Note: given that a tax invoice is not required to be issued for the contribution we have not determined in this case whether the agent is acting as an agent of the principal in this case.
Question – 2
Does the Agreement satisfy section153-50 and section 153-55 of the Act, thereby resulting in the agent being treated as making a taxable supply to the employer, the consideration for which is the contribution by the employer to the principal?
Answer – 2
The Commissioner of Taxations’ views in regards to section 153-50 are provided in goods and services tax ruling, Goods and Services Tax: agency relationships and the application of the law (GSTR 2000/37) which states as follows:
Principals and intermediaries as separate suppliers and/or acquirers under Subdivision 153-B
74. Section 153-50 provides that entities may enter into an arrangement under which an intermediary is treated as a separate supplier and/or acquirer. That is, the intermediary is treated as a principal in its own right.
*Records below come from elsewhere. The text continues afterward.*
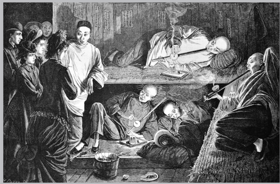
XIX кылымдагы кытайлыктардын апиийм чегүүчү жайы
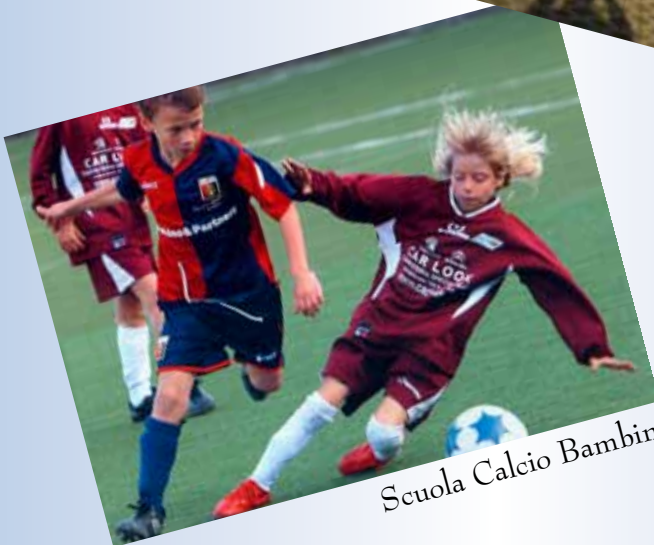
Scuola Calcio Bambini
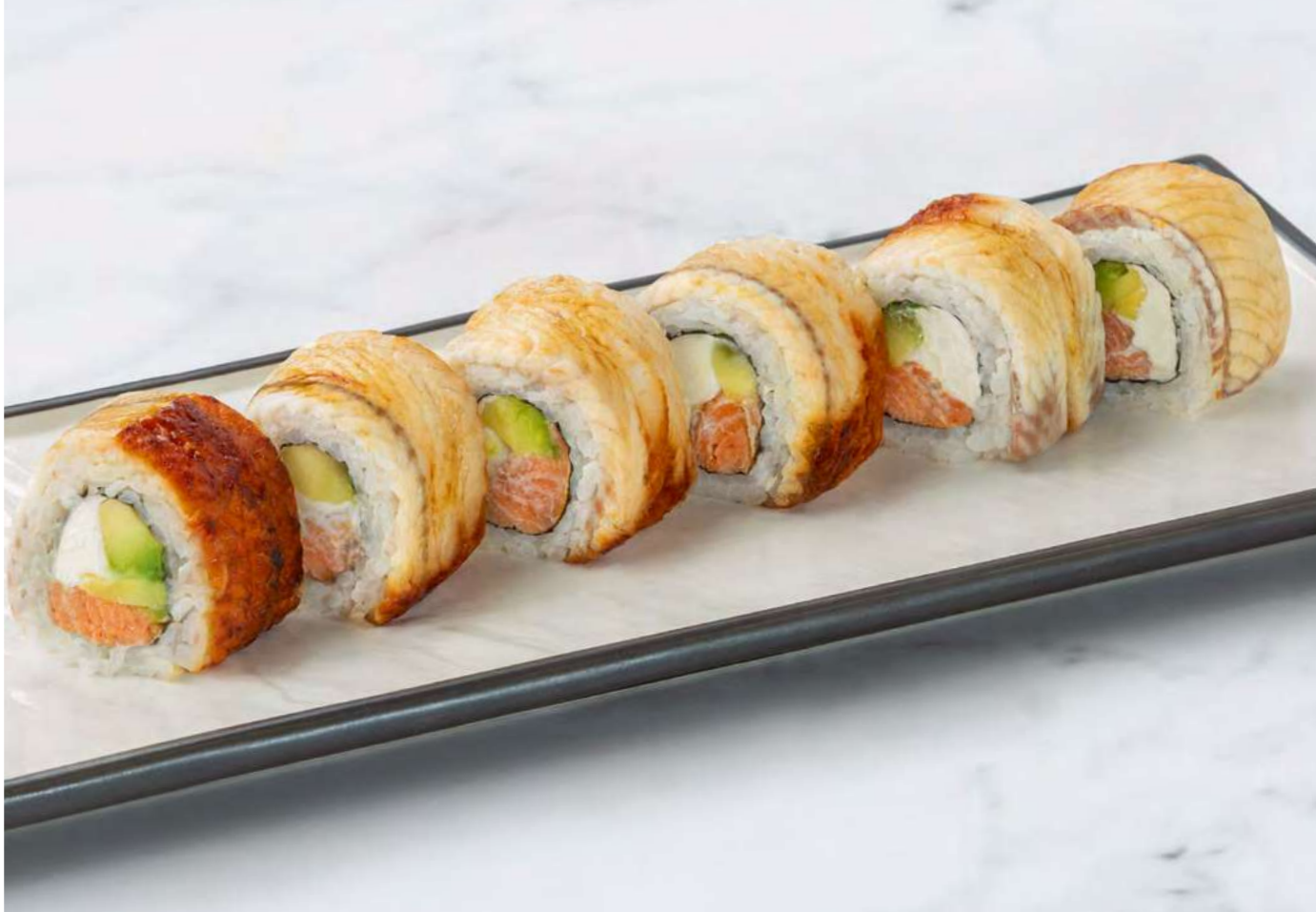
new Ролл с копчёным угрём, лососем и авокадо _____ 950 Roll with smoked eel, salmon and avocado
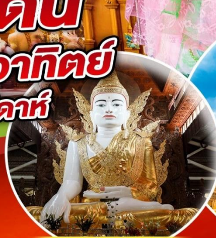
พระหงาทัดจี
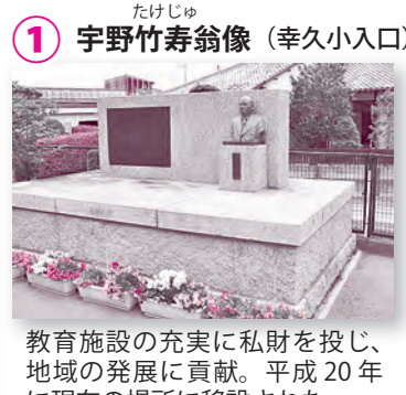
1 宇野竹寿翁像 (幸久小入口)

教育施設の充実に私財を投じ、地域の発展に貢献。平成20年に現在の場所に移設された。
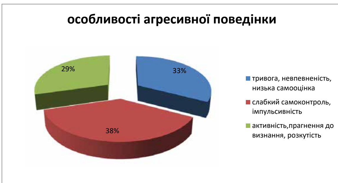
Рис. 2. Кількісні показники вияву особливостей агресивної поведінки
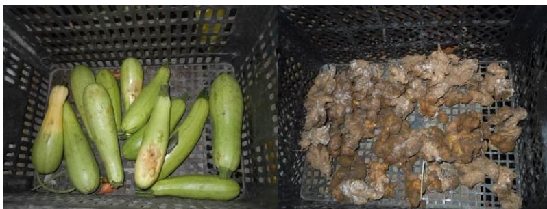
图10 已出现变质迹象的南瓜及老姜

关于“当前储存食材变质腐坏情况”，调查当日，调查人员注意到位于厨房食材储存区域的部分食材出现变质迹象，且没有及时清理（图10），根据稽核评分规则，该项评分取0分。
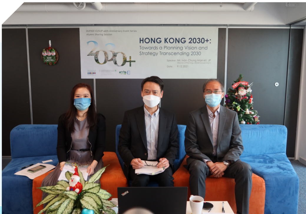
香港大学城市规划及设计系城市研究及城市规划中心四十周年庆祝活动 — 《香港 2030+：跨越 2030 年的规划远景与策略》校友分享会
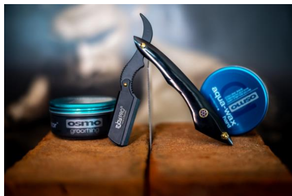
Navaja profesional con mango en marfil de búfalo y lomo de metal en color negro, para colocar hoja de afeitar.
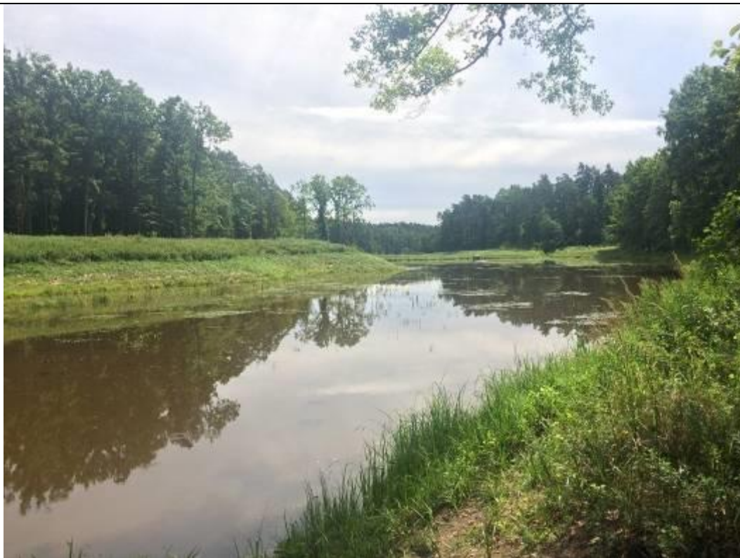
Pozostała część zbiornika retencyjnego, w którym odnotowano płazy.

Stanowisko nr B51E o pow. 11,7 ha jest to sztuczny zbiornik wodny, położony na terenie Lasów Państwowych – Nadleśnictwo Lubaczów, przy zachodniej granicy obszaru Natura2000, pełniący funkcję p.poż. oraz rekreacyjną (wypoczynek, wędkarstwo). W zbiorniku stwierdzono obecność ryb. Ze względu na płycizny, do których nie mają dostępu ryby, a także roślinność wodną i przybrzeżną miejscem rozmnażania się płazów (a w szczególności traszki grzebieniastej) są ujścia cieków i rowów melioracyjnych do zbiornika. Sam zbiornik jest zbyt rozległy i głęboki, by zapewnić płazom odpowiednie warunki do rozrodu, jednak obecność osobników dorosłych stwierdzono na wszystkich brzegach i w toni wodnej. W odległości do 500m nie przebiega żadna droga asfaltowa.
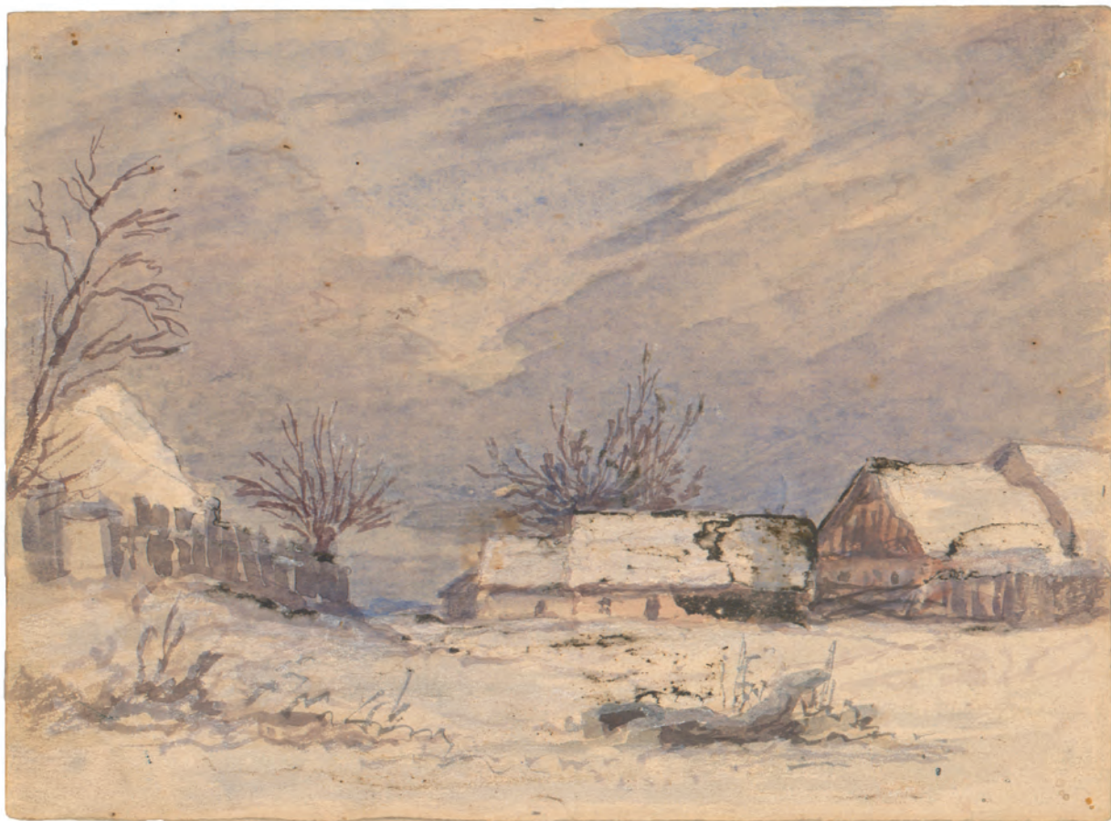
Selo u snijegu oko 1845. akvarel ; 132 x 168 mm. GZAH 191 hoe 21
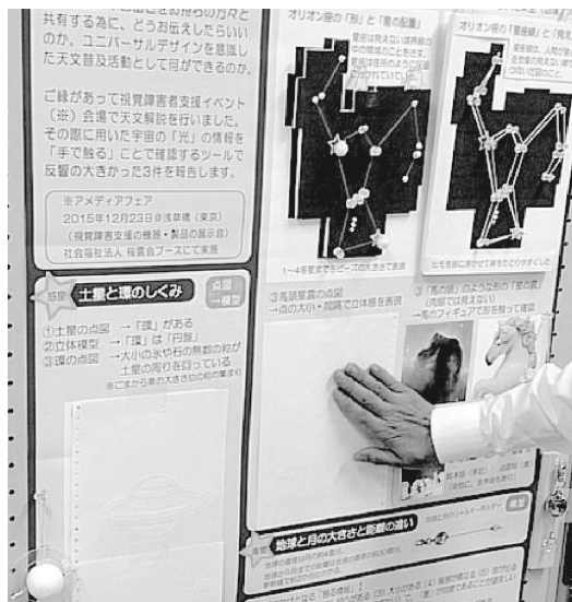
図3 ツールを貼付けた「触るポスター」

また「触ることで理解が促進すること」「配慮する点」は誰にとっても必要で大切なことであり、特別ではないことも実感でき、「ユニバーサルデザイン」という概念への理解が深まった。学びながら活動を育てていきたい。
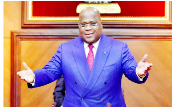
Rais Ndayishimiye

aliambia dunia kwamba, akichaguliwa tena atahakikisha anaishambulia Rwanda ili iache kusaidia waasi.
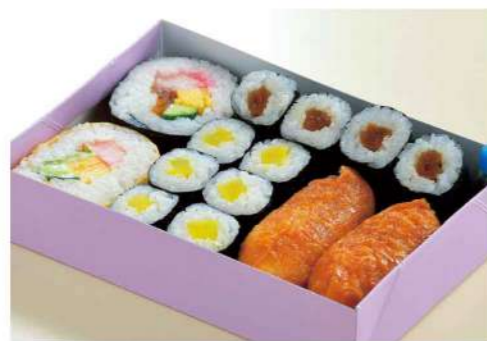
16P04 (12×17.5cm) 助六ずし 800円(税込864円)
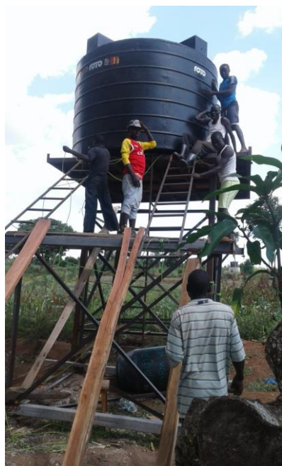
Montaggio di un tank di stoccaggio per l'acqua da potabilizzare
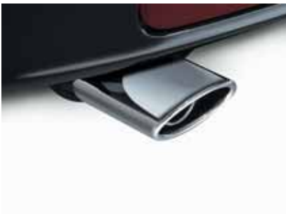
Art. MS01115 Auspuffblende, Edelstahl, verchromt
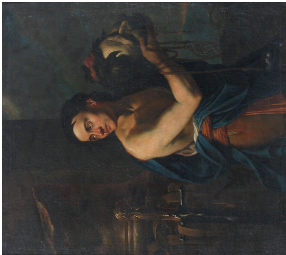
Pl. II. 1. Palatul muzeal în care au fost mutate colecțiile în anul 1891 (dreapta, prim-plan). 2. Jan Kupecký, David cu capul lui Goliath , ulei pe pânză, 106 × 93 cm. / 1. The Museum Palace where the collections were moved to in 1891 (on the right foreground). 2. Jan Kupecký, David with the Head of Goliath, oil on canvas, 106 × 93 cm.
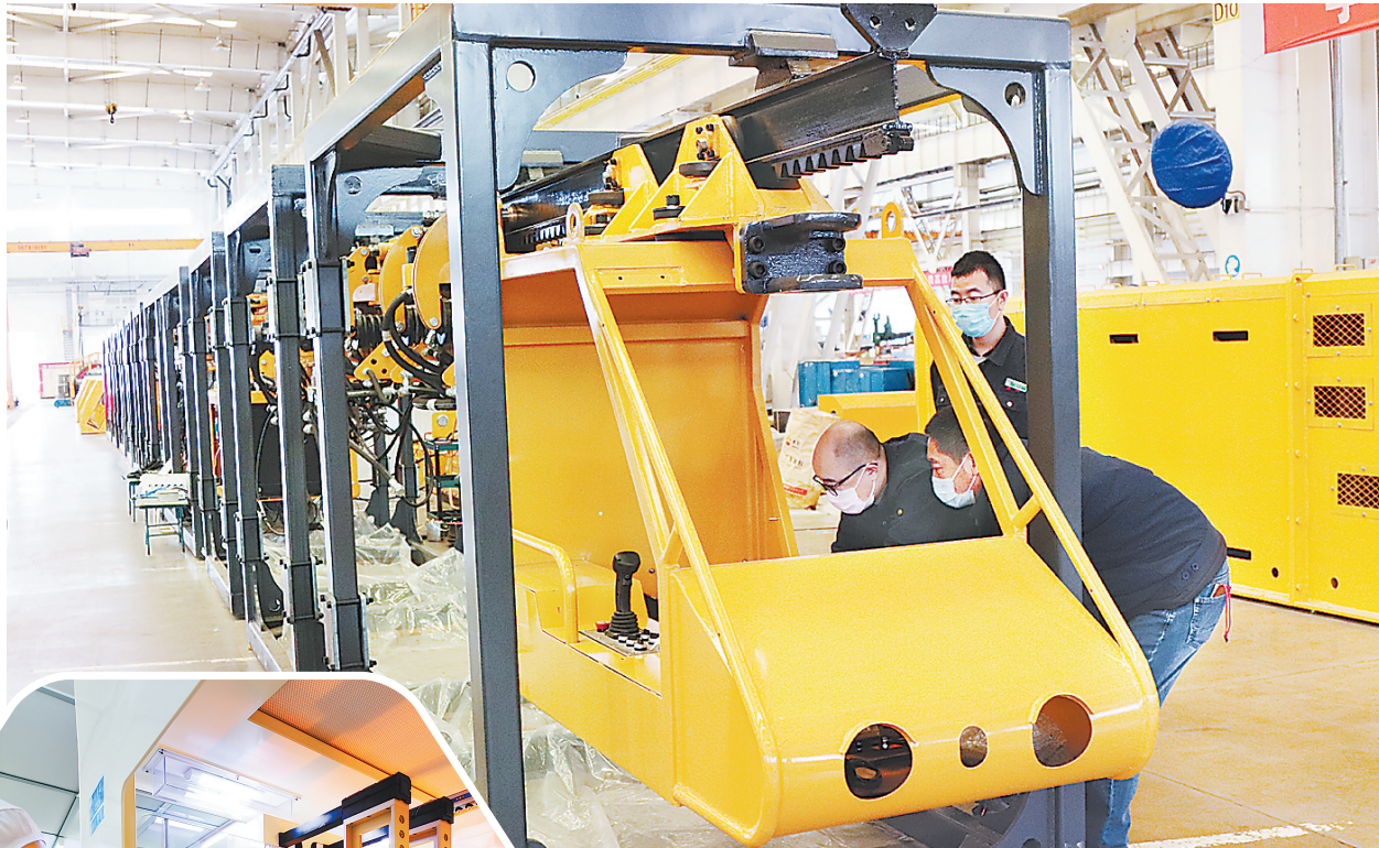
▲冀中装备集团石煤机公司利用技术创新危中寻机制订单。这是近日技术人员在调试新型大功率单轨吊。
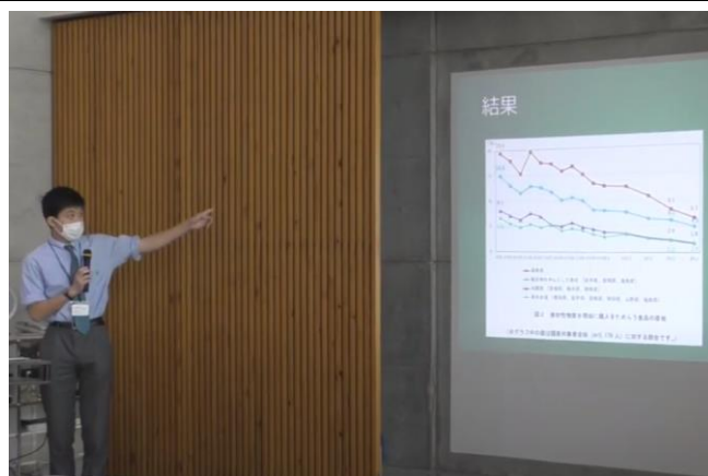
▲ 神田外語大学での最終発表の様子(昨年)
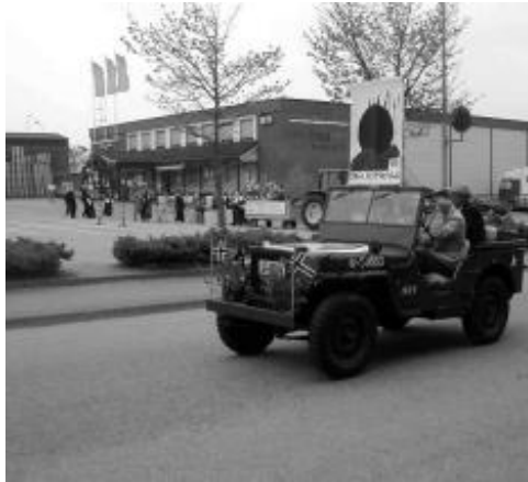
17.mai toget på Sola

Further, nothing in this section prohibits supplies that are not taxable supplies and acquisitions that are not creditable acquisitions from being included in such an arrangement. This includes supplies and acquisitions that are GST-free, input taxed or certain payments of an Australian tax or Australian fee or charge. Also, the nature of these supplies and acquisitions, as between the principal and the third party, is not changed by entering into a Subdivision 153-B arrangement. For example, an acquisition by a principal from a third party that is not a creditable acquisition will not be deemed to be a creditable acquisition because of the arrangement.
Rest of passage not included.